Il debutto alla regia dell’attrice francese Judith Davis, che interpreta anche il ruolo della protagonista Angèle, si presenta come un ritratto generazionale e un atto di ribellione contro un presente sempre più opprimente. Ambientato a Parigi, il film mette in luce le sfide di una giovane urbanista che, superati i trent’anni, si trova a fronteggiare le dure realtà del mercato del lavoro.
Angèle vive una situazione difficile, lavorando in un contesto sottopagato e precario. La sua vita professionale subisce un brusco arresto quando il suo capo, un ex professore universitario, le comunica che il suo posto sarà occupato da un nuovo stagista, più economico. Durante il licenziamento, il suo ex docente le ricorda che il mondo funziona così, contraddicendo le sue precedenti lezioni, in cui la incoraggiava a lottare per i propri ideali senza compromessi. Questo evento segna l’inizio di una profonda crisi esistenziale per la protagonista, che si trova a dover affrontare il tema centrale del film: la difficoltà di seguire i propri valori in un contesto che sembra negare ogni forma di utopia.
Il titolo originale del film, Cosa resta della rivoluzione, rivela l’approccio intimo e personale della regista. Il titolo francese Tout ce qu’il me reste de la révolution suggerisce un senso di nostalgia e disillusione. Angèle, cresciuta con il mito delle rivoluzioni passate e figlia di attivisti del Sessantotto, deve confrontarsi con i fantasmi della sua infanzia. La madre, che ha abbandonato la famiglia quando Angèle era piccola, ha rinunciato all’attivismo, mentre il padre continua a vivere nel ricordo di un’epoca di speranza, lottando con la sua quotidianità.

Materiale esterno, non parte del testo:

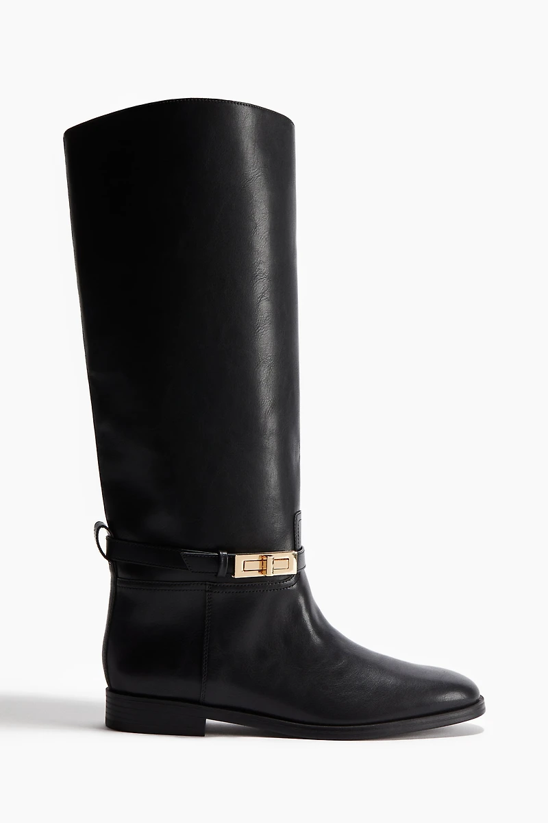Knee-high boots with rounded toes, a decorative ankle strap with a metal buckle, and low block heels. Jersey lining and insoles.

La vita di Angèle è ulteriormente complicata dalla scelta della sorella, che ha optato per una vita borghese e un marito pragmatico. Queste dynamiche familiari alimentano tensioni e frustrazioni nella giovane protagonista. Con un fervore irrisolto, Angèle si muove tra momenti di commedia e dramma, cercando un senso di appartenenza mentre critica una società dominata dal capitalismo e dalla produttività. La sua consapevolezza della difficoltà di cambiare il mondo la porta a una lotta interiore, in bilico tra la speranza e la rassegnazione.

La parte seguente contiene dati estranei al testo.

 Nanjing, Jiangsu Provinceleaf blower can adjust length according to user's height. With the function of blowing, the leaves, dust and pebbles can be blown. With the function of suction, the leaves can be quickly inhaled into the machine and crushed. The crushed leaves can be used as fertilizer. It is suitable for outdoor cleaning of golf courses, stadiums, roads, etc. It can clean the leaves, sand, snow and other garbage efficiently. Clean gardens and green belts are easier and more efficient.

In questo contesto, Angèle trova rifugio in un piccolo collettivo di attivisti, un gruppo in cui può esprimere le sue idee e confrontarsi con altri. Tuttavia, anche all’interno di questo gruppo emergono divergenze che mettono in luce l’impotenza di fronte a una realtà difficile da modificare. Qui, incontra un giovane preside, un personaggio timido che condivide con lei alcuni ideali, ma con un approccio più moderato. La loro interazione suggerisce che, nonostante le differenze, ci possa essere una possibilità di costruire un futuro e trovare un equilibrio tra le loro visioni.
Il film di Judith Davis si presenta quindi come un’opera che invita alla riflessione sui valori e le sfide della generazione contemporanea, in un mondo che sembra sempre più distante dalle utopie sognate.